How I built a production TTS API: sentence-boundary chunking, Redis distributed locks, and killing the thundering herd problem.
Built a text-to-speech API that converts full articles to MP3. The interesting engineering problems weren't the TTS calls — they were everything around them.
**The chunking problem**
Every TTS provider has a per-request character limit (Polly standard: 3,000 chars). A real article is 8,000–20,000 chars. Naive character-boundary splitting produces broken audio mid-word. The solution: a two-threshold sentence-boundary splitter.

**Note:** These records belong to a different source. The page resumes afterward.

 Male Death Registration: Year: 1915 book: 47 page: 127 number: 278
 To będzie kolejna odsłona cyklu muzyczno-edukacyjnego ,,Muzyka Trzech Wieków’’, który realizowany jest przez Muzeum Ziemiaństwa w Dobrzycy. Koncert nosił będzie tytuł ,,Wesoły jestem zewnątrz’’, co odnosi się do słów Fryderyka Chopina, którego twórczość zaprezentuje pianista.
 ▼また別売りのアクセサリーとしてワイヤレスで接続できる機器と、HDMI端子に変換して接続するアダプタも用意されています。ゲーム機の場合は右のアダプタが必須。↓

- `target_chars = 2500` — soft target; flush the buffer when reached
- `max_chars = 4000` — hard ceiling; flush before appending if the next sentence would exceed it
- Split regex: `(?<=[.!?])\s+` — only splits after terminal punctuation
Result: every chunk is a coherent group of complete sentences, always within the provider limit.
**The caching layer**
TTS synthesis is deterministic — same text + same voice/engine/region = identical audio bytes every time. Cache key structure:
`sha256(text) + voice_id + engine + region`
All four parameters matter. Swapping from `Joanna/standard` to `Matthew/neural` must be a cache miss, not a hit.
Warm cache: N × `redis.get()` + ffmpeg concat. Latency under 300ms for most articles. Zero upstream calls.
**The thundering herd**
Without locking: 50 concurrent users hit a cold article → 50 × 7 chunks = 350 Polly calls, 349 of them redundant.

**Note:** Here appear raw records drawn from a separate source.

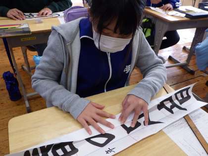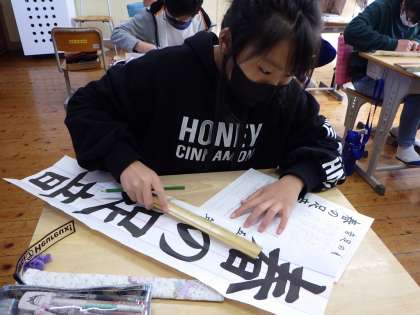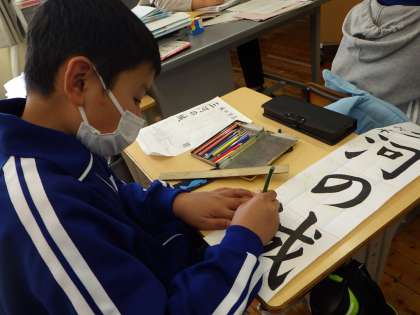 11月5日 5・6年書写の授業 公開日 2021/11/05 更新日 2021/11/05 各学年から 書写の授業では、1月7日(金)の書初め大会に向けての練習が始まります。今日はお手本に中心線などの線を入れる作業をしました。5年生は「春の足音」、6年生は「三河の城」という字を書きます。
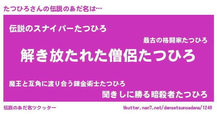 | 意味不明あだ名 | 『住所不定無職たつひろ(40歳)』 |
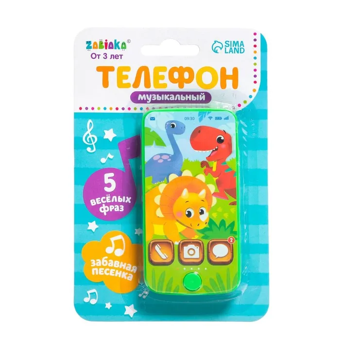 Музыкальный детский телефон «Динозаврик», звук, цвет зелёный — Характеристики

Fix: Redis `SET NX` distributed lock per chunk. One worker wins the lock, synthesizes, writes to cache, releases. Everyone else exponential-backoff polls until the cache key appears.

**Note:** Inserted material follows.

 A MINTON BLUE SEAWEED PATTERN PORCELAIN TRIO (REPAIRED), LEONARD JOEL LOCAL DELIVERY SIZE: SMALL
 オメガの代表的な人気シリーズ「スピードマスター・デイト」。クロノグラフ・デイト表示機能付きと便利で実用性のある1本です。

Backoff: start at 50ms, grow ×1.25 per iteration, cap at 500ms.
Critical detail: lock release is in a `finally` block. A failed synthesis that doesn't release its lock blocks all subsequent requests for that chunk until TTL expiry — potentially minutes.
Result under load: `chunk cache stats hits=49 misses=1` per chunk. 7 Polly calls total, not 350.
**Provider comparison (brief)**
- Piper (local): free, no concurrency, model files are hundreds of MB, degrades on long inputs
- ElevenLabs: best voice quality, cost curve is steep at real traffic levels
- Amazon Polly: 5M chars/month free (standard), permanent — right economics for this use case
Full writeup with architecture diagram, all code, and the failure sequence in order: From Piper to Polly: How I Built a Production-Ready Text-to-Speech API (and That Broke Along the Way)
What I'm solving next: moving synthesis off the request thread into an async job queue (ARQ vs Celery) and streaming chunk_0 to the client while chunk_1 is still synthesizing.